Prior to Dodd-Frank in 2010, the FTC primarily enforced the FDCPA and UDAP and there was often a cross-over. The FTC reported common tactics debt collectors would use included telling a debtor they had committed a crime like check fraud, and unless they paid the debt, they could be arrested, be sued, have their wages garnished and go to jail. Many collectors harassed debtors, even after being provided with evidence that the debts had already been paid off. Some would illegally contact family, friends, and employers about the past due debts. So, the final rule is very much about communications in connection with debt collection and prohibitions on harassment or abuse, false or misleading representations, and unfair practices in debt collection.

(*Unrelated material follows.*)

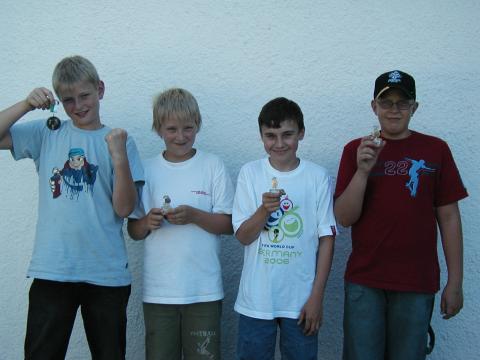 teme fallen nicht unter das Waffengesetz, da die Schussabgabe nur simuliert wird. Dadurch können hierdurch bereits Kinder im Alter von 6 Jahren an den Schießsport herangeführt werden. An allen drei Stationen konnten Punkte gesammelt werden. Am Ende wurden mit Frederik Schmitz (17 Punkte) sowie Simon Regelin (16 Ounkte) sowie Dennis Frohn und Joshua Knop (beide 15 Punkte) die Erstplatzierten mit einem Ehrenpreis ausgezeichnet. | |||||||||||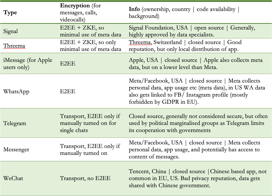 If you can move your frequent communication (for example, with your closest friends and family) from data-hungry apps such as WA and Telegram to alternatives such as Signal (see table below), you can significantly improve the security of your digital life. Organisations like Meta (owner of Facebook and WhatsApp) will no longer have the same access to the meta data from your personal communications.

Let’s connect the dots. If your bank did something deemed unfair or abusive in the way it communicated with a borrower, and the FDCPA or Regulation F said it was a UDAAP issue, could an examiner say the bank, while not subject to FDCPA, is subject to UDAAP/UDAP and it did something categorized as a UDAAP/UDAP violation? It’s easy to see that connection.
And, of course, there is the always-present requirement for vendor due diligence if the bank has a third party collecting debts owed to the bank.
Attempt to communicate means any act to initiate a communication or other contact with any person through any medium, including by soliciting a response from such person. This is very broad and is all encompassing. It also includes “limited content messages” which is a defined term defined a few paragraphs below.
The act of initiating communication or contact about a debt is an attempt regardless of whether it is successful. Example – you dial the number of a past due borrower. Whether or not you reach them, that is logged as an attempt.
Communicate or communication means conveying information about a debt directly or indirectly to any person through any medium. Leaving a “limited content message” is not “conveying information.” Similarly communicating something such as a marketing message is not conveying information as it is not debt related.
Debt is any obligation of a consumer to pay money arising from a transaction in which the money, property, insurance, or services are primarily for personal, family, or household purposes.
Limited-content message means a message for a consumer that includes all of the content in (j)(1) and may include any of the optional content described in (j)(2), and it includes no other content.
(1) Required content. …includes all of the following:
(i) The caller’s business name which is not indicative that this is a debt collection call
(ii) A request that the consumer reply to the message;
(iii) The name of a person or persons whom the consumer can contact in reply;
(iv) A telephone number the consumer can use for the reply:
(2) Optional content. In addition to the content described, you may include one or more of the following:
(i) A salutation;
(ii) The date and time of the message;
(iii) Suggested dates and times for the consumer to reply to the message, and
(iv) A statement that the return call they can speak to any rep from the company.
These limited content messages may really come into play on voicemails. They are not “communications” which, as you will see, come with frequency limitations. A call to a third party is not a limited content message because it isn’t to the debtor, such as to a “will call” who accepts messages. This is ok to the debtor – “This is Andy Zavoina calling from Last National Bank. Please contact me or John Burnett at 1-800-555-1212.”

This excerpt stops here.